Ile Maurice multiculturelle – Tradition et dévotion – La grande nuit de Shiva
La grande nuit de Shiva, c’est ainsi que l’on nomme la fête Maha Shivratri qui a lieu chaque année à l’Ile Maurice. C’est une des fêtes les plus importantes de la communauté hindoue, elle se célèbre autour de février/mars. A cette occasion, les pèlerins de tous les coins de l’Ile convergent vers le lac sacré Grand-Bassin situé dans les hauteurs (aussi appelé le Ganga Talao), afin de rendre hommage au Dieu Shiva et ramener chez eux, l’eau sacrée. Selon la tradition, les eaux du lac communiqueraient symboliquement avec celles du Gange en Inde, faisant de ce lieu un point de convergence spirituelle pour les hindous mauriciens. Ils auront préalablement observé dix jours d’abstinence, pris part à des prières quotidiennes, tout en observant un régime alimentaire végétarien. Quelques jours avant la fête qui est un jour de congé national ici, tout de blanc vêtus, symbole de pureté, et munis de leur “kanwars” multicolores (structures en bambou richement décorées de divinités, de miroirs et de clochettes), les dévots quittent leur domicile pour entamer une marche en famille, entre voisins ou amis vers le lac sacré. Bien que ce soit une fête hindoue, beaucoup de personnes n’embrassant pas forcément la même religion, se joignent aussi à la procession, et c’est ce qui fait la particularité de l’Ile Maurice : une île pluriculturelle où les religions se côtoient, se respectent et se soutiennent.
C’est ainsi que trois jeunes amies de foi différente ont voulu tenter l’expérience en marchant vers Grand-Bassin de la ville de Curepipe. Habillées de blanc, elles se sont mêlées à la foule qui marchait vers le Ganga Talao (le lac sacré). La foule constituée de personnes de tout âge, jeunes, moins jeunes ainsi que des enfants, se déplace dans le recueillement. Certains pèlerins viennent de très loin et même si cela faisait longtemps qu’ils étaient en route, ils ne paraissent pas fatigués. Il faut dire que c’est une ambiance animée qui accompagne généralement les marcheurs avec de la musique venant des hautparleurs. Tout le long de la route, l’on trouve des stations sous les chapiteaux où plusieurs donateurs de toutes confessions ou organismes offrent aux pèlerins à manger et à boire.

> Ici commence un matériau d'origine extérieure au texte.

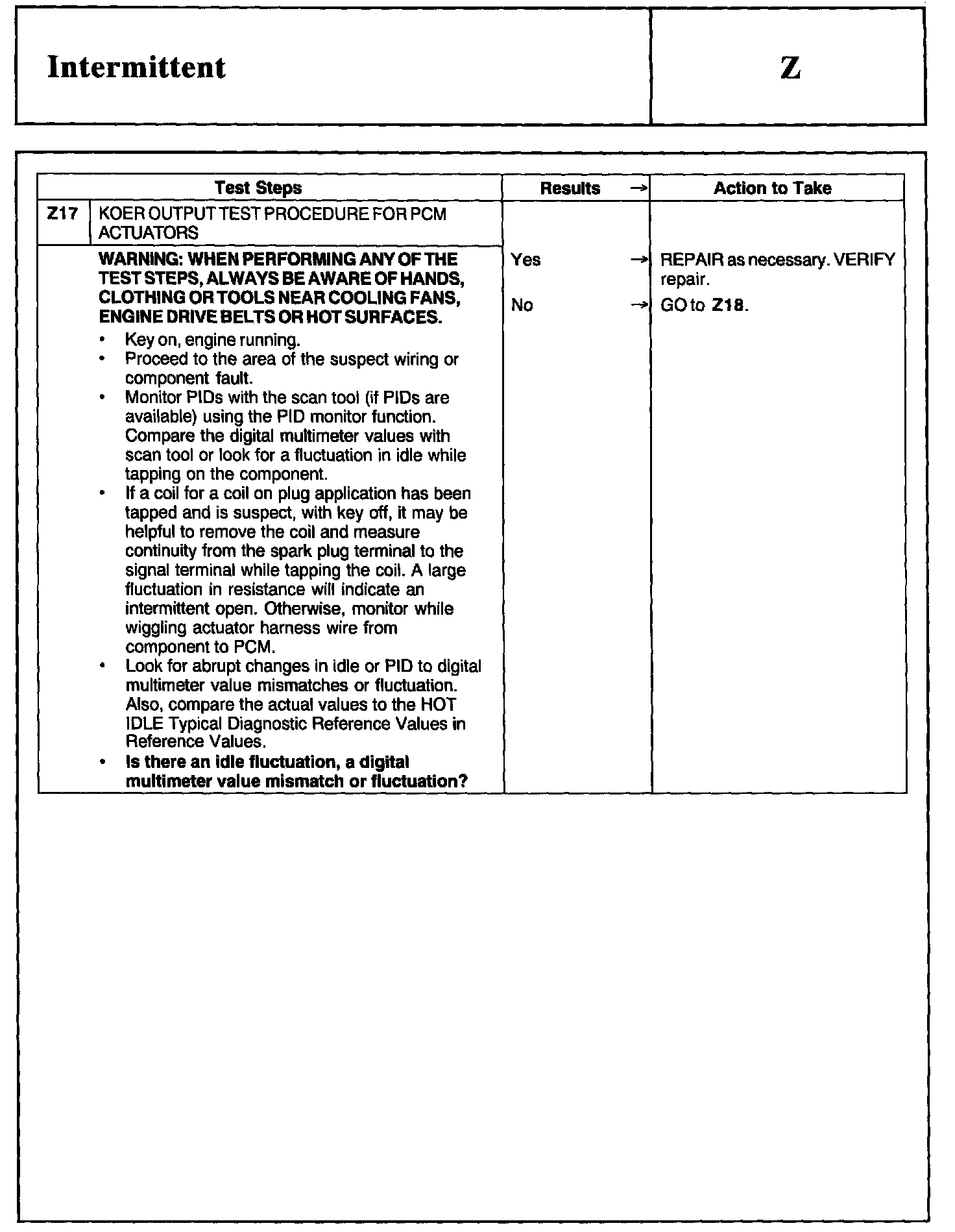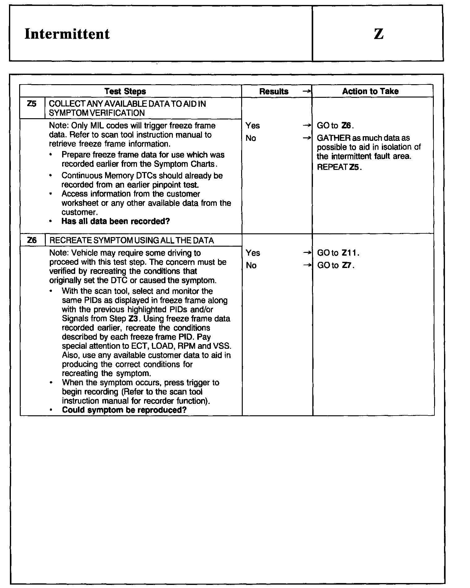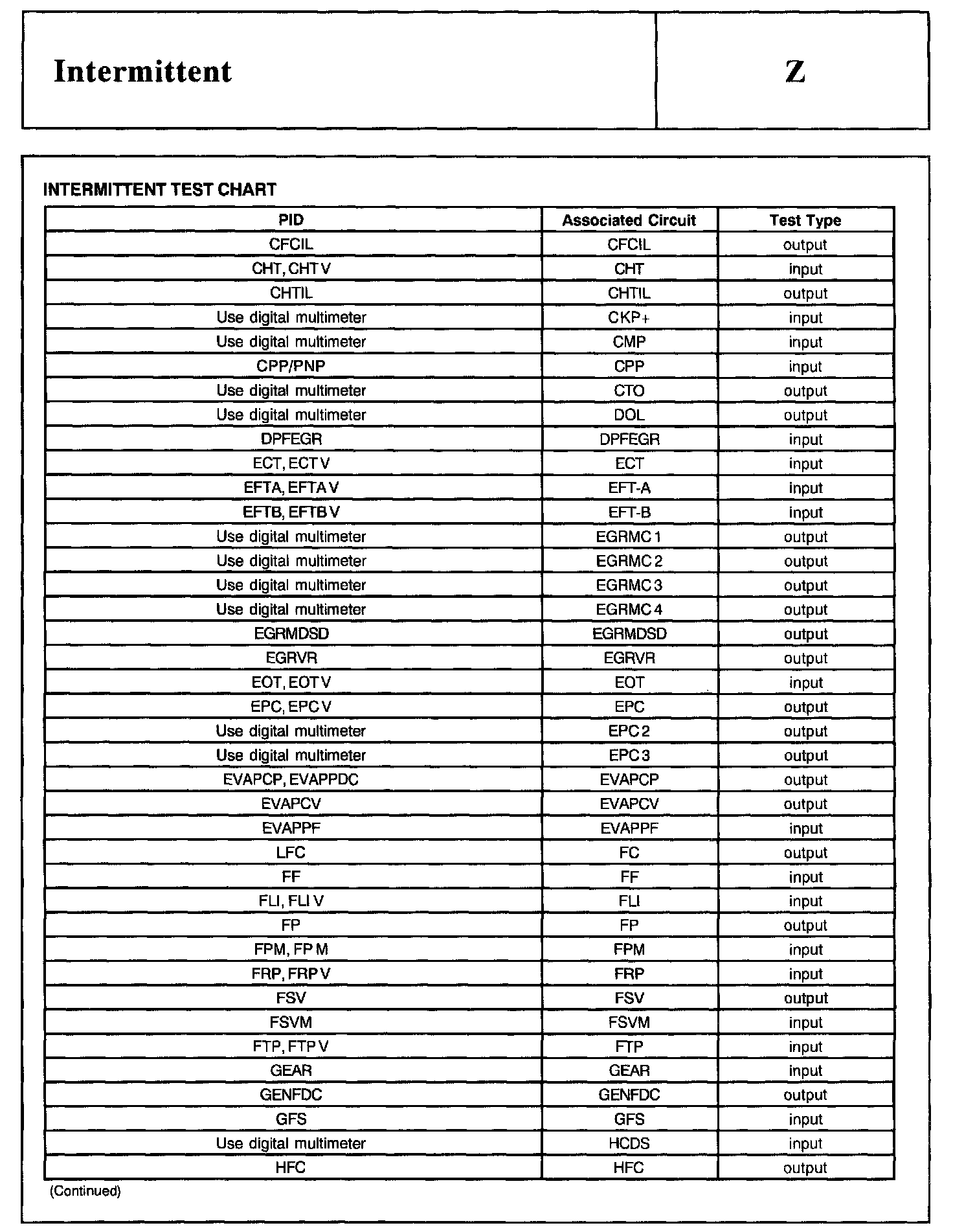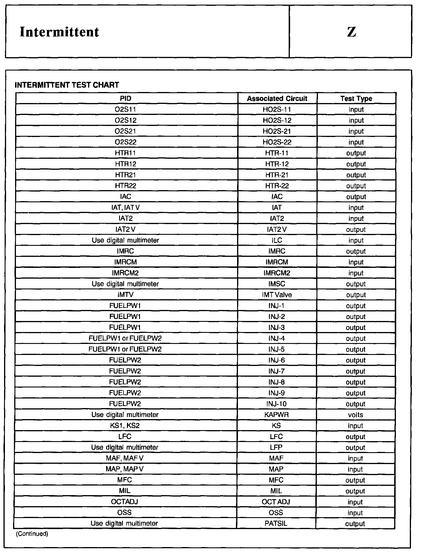 Test Z: Intermittent

Une fois arrivées à Grand Bassin, les trois jeunes filles observent les dévots prier auprès des divinités qu’ils aspergent de lait. Par la suite, les dévots se rendent au bord des berges du lac pour prier, réciter des mantras et offrir des offrandes (noix de cocos/bananes entre autres) et une fois, les rituels terminés, ils rentrent chez eux, non sans avoir collecté l’eau sacré. Cette eau sacrée sera ensuite déversée sur le Shiva lingam (pierre sacrée représentant le Dieu Shiva) du temple de leurs localités respectives. Autour d’elles, certains groupes de jeunes accompagnés de tambours dansent. Plus loin, sous un chapiteau où crépite un feu, les dévots sont invités à un autre rituel : tenant dans leur main des graines (le plus souvent des graines de sésame, orge ou du riz), ils tournent autour du feu sept fois, tout en nommant à chaque fois, une caractéristique négative dont ils veulent se débarrasser. A la suite de quoi, les graines sont jetées dans le feu sacré. Tard dans la nuit, nos trois amies ont rebroussé chemin pour se rendre chez elles non sans garder en mémoire des images de cette belle procession vers Grand Bassin. Ce qu’elles retiennent de ce beau pèlerinage, c’est surtout la grande ferveur qui entoure cette fête, une atmosphère de fraternité et de solidarité tout au long. Cela reflète la richesse de la culture mauricienne, l’unité de ses communautés et la profonde spiritualité vécue par les pèlerins.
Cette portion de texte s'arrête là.